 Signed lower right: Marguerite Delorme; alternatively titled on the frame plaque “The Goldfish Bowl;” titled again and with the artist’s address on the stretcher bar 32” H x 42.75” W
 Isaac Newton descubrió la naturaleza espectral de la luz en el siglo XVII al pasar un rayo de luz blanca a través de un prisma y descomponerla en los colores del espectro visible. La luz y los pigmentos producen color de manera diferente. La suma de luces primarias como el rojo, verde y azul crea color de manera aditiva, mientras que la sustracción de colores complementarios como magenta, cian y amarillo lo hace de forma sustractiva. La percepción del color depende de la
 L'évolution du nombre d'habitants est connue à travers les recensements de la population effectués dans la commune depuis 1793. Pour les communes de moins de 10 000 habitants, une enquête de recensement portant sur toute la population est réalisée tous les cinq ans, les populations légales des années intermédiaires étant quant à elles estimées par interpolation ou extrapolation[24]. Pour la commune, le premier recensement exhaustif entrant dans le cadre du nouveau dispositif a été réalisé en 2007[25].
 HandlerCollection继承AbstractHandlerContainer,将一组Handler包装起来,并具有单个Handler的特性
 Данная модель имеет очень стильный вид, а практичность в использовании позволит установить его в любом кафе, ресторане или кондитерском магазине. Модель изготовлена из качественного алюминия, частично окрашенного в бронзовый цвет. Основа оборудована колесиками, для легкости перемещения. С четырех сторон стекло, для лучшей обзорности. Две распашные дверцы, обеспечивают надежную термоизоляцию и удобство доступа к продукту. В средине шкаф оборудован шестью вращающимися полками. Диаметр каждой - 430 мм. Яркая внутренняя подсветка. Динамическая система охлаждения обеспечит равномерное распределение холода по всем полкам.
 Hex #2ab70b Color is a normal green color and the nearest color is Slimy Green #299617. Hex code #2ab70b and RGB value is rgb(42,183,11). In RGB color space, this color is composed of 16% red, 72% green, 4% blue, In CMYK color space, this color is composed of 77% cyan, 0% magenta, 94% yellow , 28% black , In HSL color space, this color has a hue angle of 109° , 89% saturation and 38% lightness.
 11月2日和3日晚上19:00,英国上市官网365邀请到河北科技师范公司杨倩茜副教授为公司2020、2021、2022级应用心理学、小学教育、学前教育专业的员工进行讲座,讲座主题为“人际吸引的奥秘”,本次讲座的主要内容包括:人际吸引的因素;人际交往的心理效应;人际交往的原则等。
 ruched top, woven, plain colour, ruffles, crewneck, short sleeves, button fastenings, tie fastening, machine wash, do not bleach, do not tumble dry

---

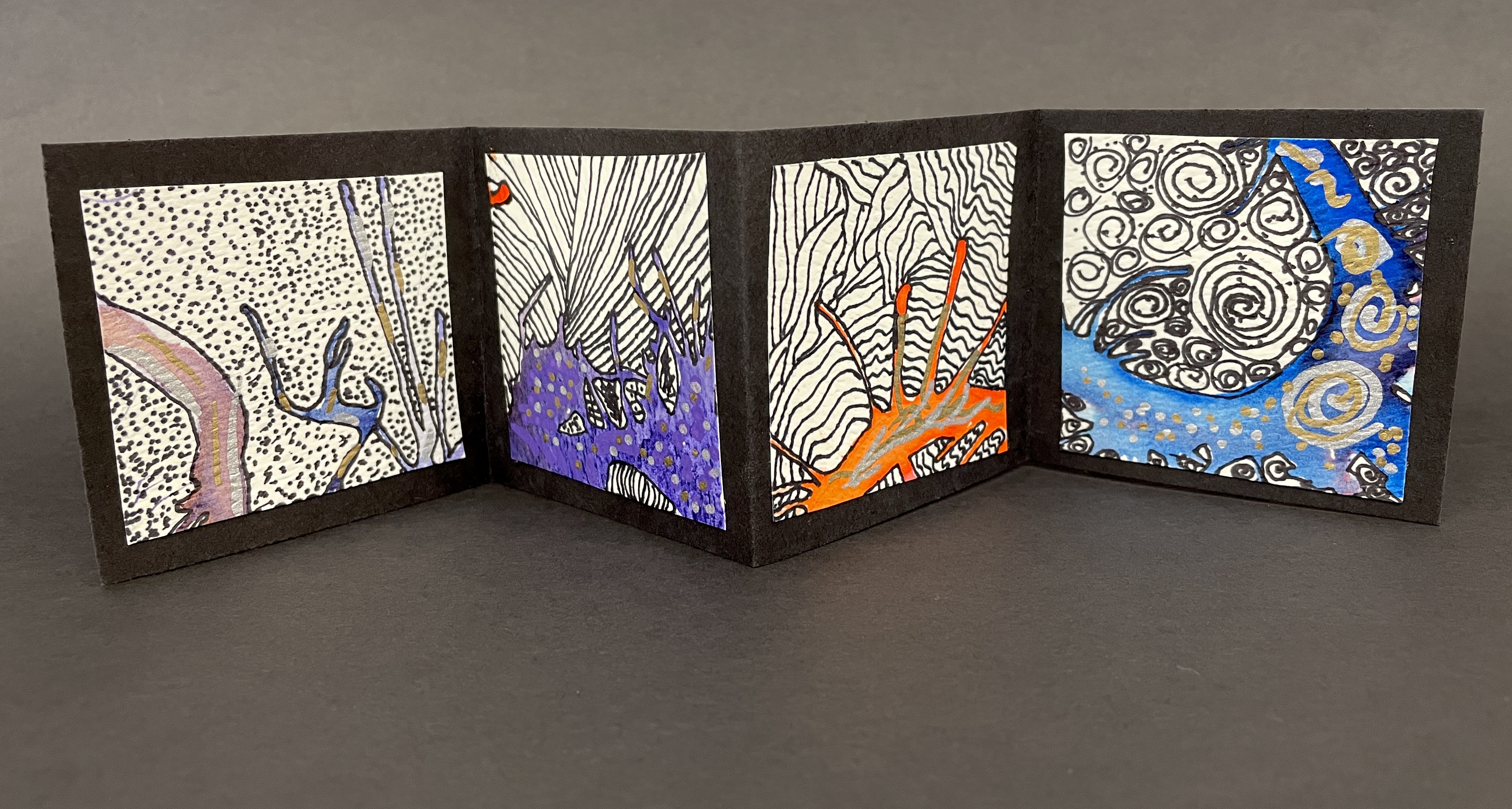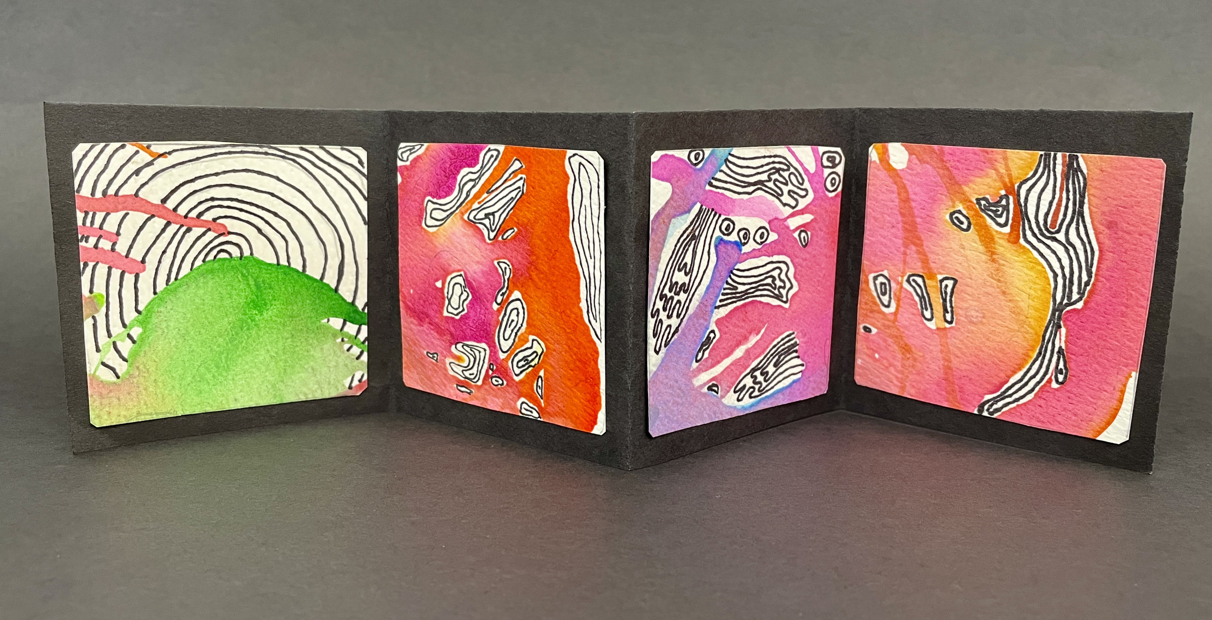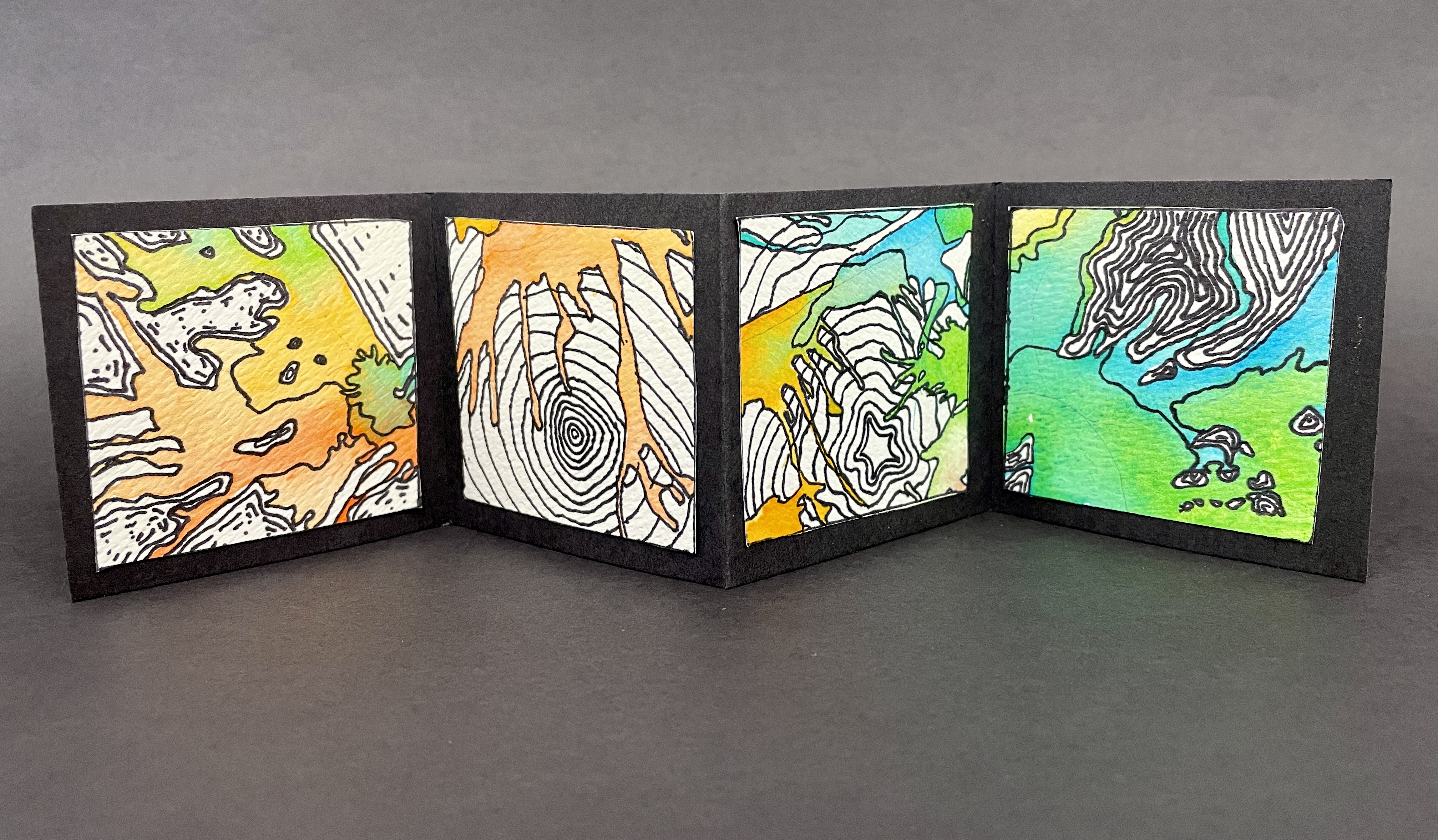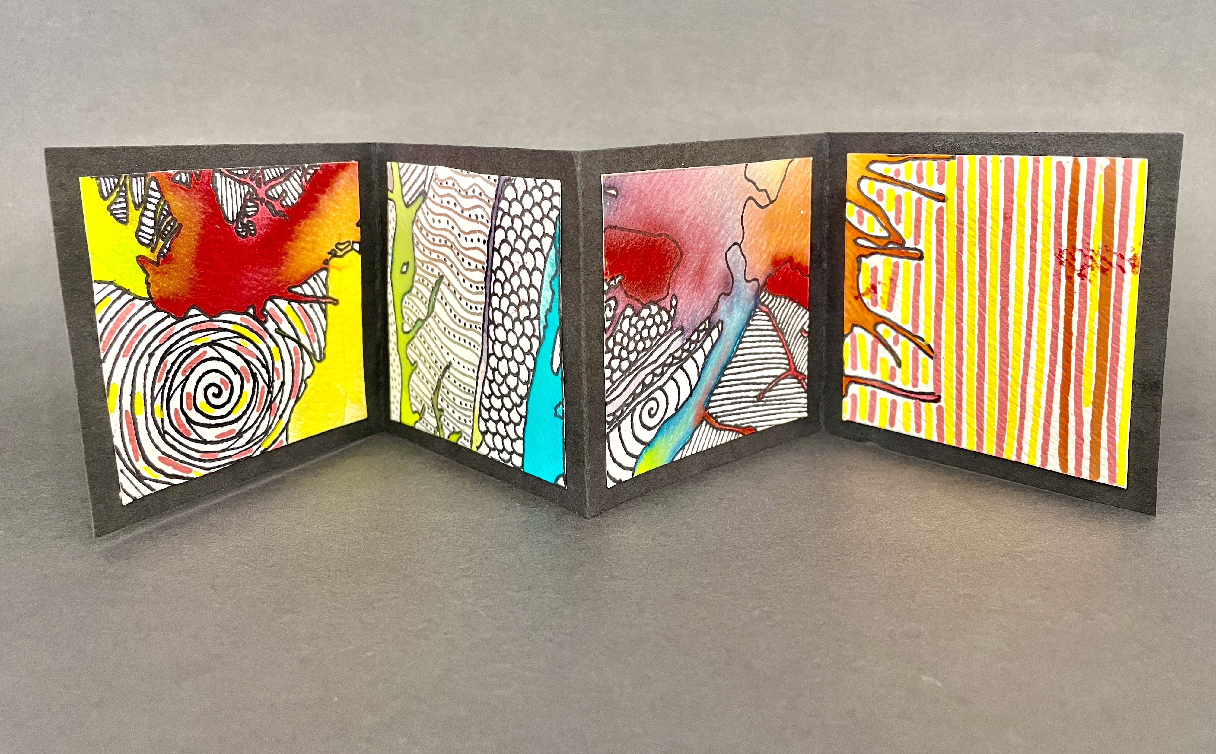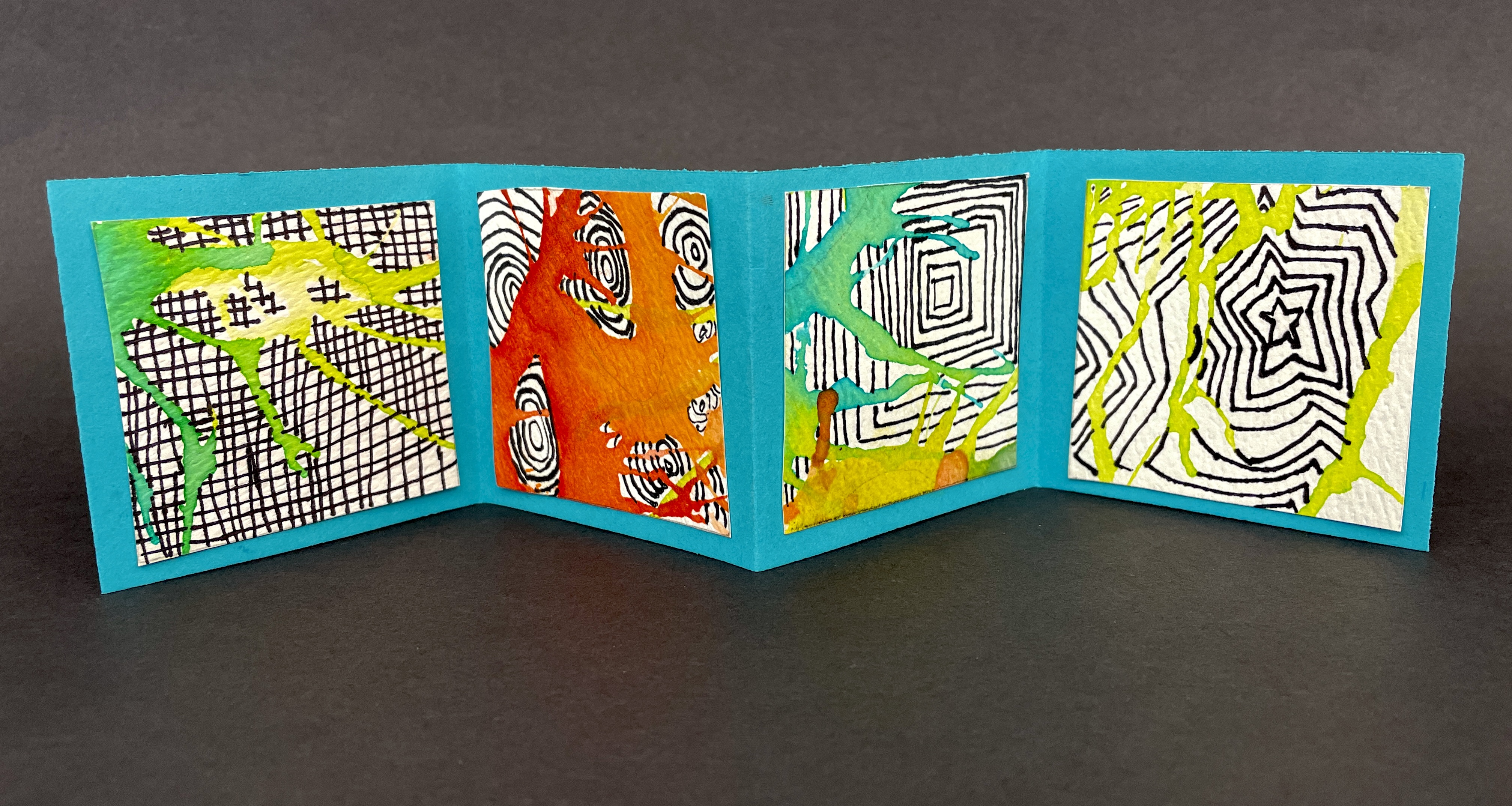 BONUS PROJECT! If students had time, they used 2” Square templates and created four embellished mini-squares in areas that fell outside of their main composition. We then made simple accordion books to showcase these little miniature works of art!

> [EXERCISE REQUIREMENTS]
When a line in the data holds the word "magenta", show that line.

> [SOLUTION TO THIS EXERCISE]
 Isaac Newton descubrió la naturaleza espectral de la luz en el siglo XVII al pasar un rayo de luz blanca a través de un prisma y descomponerla en los colores del espectro visible. La luz y los pigmentos producen color de manera diferente. La suma de luces primarias como el rojo, verde y azul crea color de manera aditiva, mientras que la sustracción de colores complementarios como magenta, cian y amarillo lo hace de forma sustractiva. La percepción del color depende de la
 Hex #2ab70b Color is a normal green color and the nearest color is Slimy Green #299617. Hex code #2ab70b and RGB value is rgb(42,183,11). In RGB color space, this color is composed of 16% red, 72% green, 4% blue, In CMYK color space, this color is composed of 77% cyan, 0% magenta, 94% yellow , 28% black , In HSL color space, this color has a hue angle of 109° , 89% saturation and 38% lightness.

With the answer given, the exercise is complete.